Sunday, November 7, 2010

Motherhood- An eternal partnership with God.


This morning at 5am I find myself awake, and oddly it was not the result of my darling 3 month old boy. Although that certainly was the case last week, which caused me to learn that my favorite shows from when I was 10 years old (Boy Meets World and Sabrina the Teenage Witch) are on between 5am and 7am .

Anyhow, it being Sunday morning I spent some time meandering around the internet instead, and I stumbled upon a video I had seen before, but decided to watch it again anyways.The video is an inspirational video clip entitled "Motherhood an Eternal Partnership With God."

I had seen the video before but I am so glad that I was prompted to view the video again because it touched my heart on this early Sunday morning, just as it did the first time I watched it (which was during a period of time where Mr.

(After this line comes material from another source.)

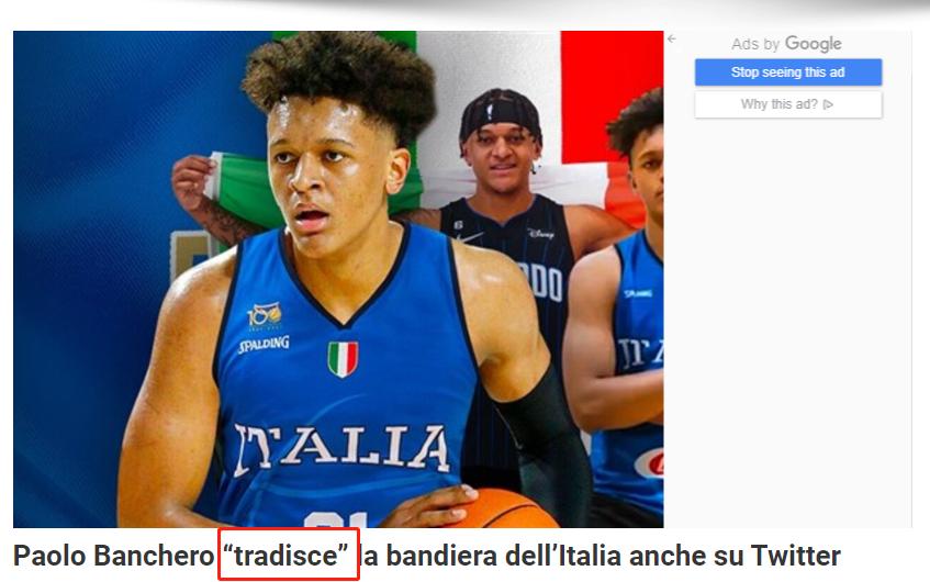 意大利媒體Basketuniverso在撰文時,更是用到了背叛(tradisce)一詞,說話十分難聽...

B spent most of him waking hours crying). I was particularly touched by the quote:
"You are doing terrifically well. The very fact that you have been given such a responsibility is everlasting evidence of the trust your Father in heaven has in you. He is blessing you and he will bless you."

Even typing it out I find tears in my eyes, because I find the words so uplifting. Those who know me extremely well, may know this but I am constantly one of those people who believe that they are doing far worse at life, then they actually are. Instead of looking in the mirror and seeing a person who accomplished graduating college with their own hard work (no loans only academic scholarships) and good grades. I see someone who was so stupid that they studied 5-6 hours every day to accomplish a degree that made it no easier to find a job post graduation. Instead of seeing the blessing it is to be a mother at all, I find myself constantly worrying that I am a "bad mother." This especially happens at those moments where I seem to have no idea what my adorable, but inconsolable son is trying to tell me. I feel especially bad because sometimes he is especially dramatic and can announce to the neighborhood (with loud shrieks and cries) that his mother does not know how to help him.

Anyhow, that was a little tangent but it was meant to stress how basically I (and lots of other people) struggle to find the happy medium between being prideful and feeling worthless (or like a failure like I sometimes feel like I am). As such I feel incredibly blessed that the Lord constantly reminds me (through videos or outlets similar to this) that I am not worthless, but that I am just the opposite. He reminds me that as a daughter of God and as a mother, I am of extreme worth (as all daughters of God are even if there are not mothers as well). That I am not "failing at motherhood but rather that I am "doing terrifically well" and after looking at my sons adorable smiles when he wakes up every morning, sometimes I even think so too.

So to any mothers out there that are discouraged I highly recommend viewing this video, it is incredibly encouraging. It reminds us that even though motherhood sometimes seems to only involve endless days and nights of diaper changes, feedings, wiping snotty noses, attending to scraped knees, or endlessly uttering such phrases as "don't touch that, don't eat that, don't hit your brother," to name just a few, motherhood is indeed doing the "Lord's work."

It is my hope that I will remember that I am the mother God thought Mr. B needed, and that that knowledge will cause me to spend less time crying over how I feel terrible that I don't always know what he wants, and more time feeling grateful that I can hold him in my arms (even if he is crying hysterically). Ultimately, I feel so incredibly blessed that I have been given the incredibly opportunity to be Mr B's mother.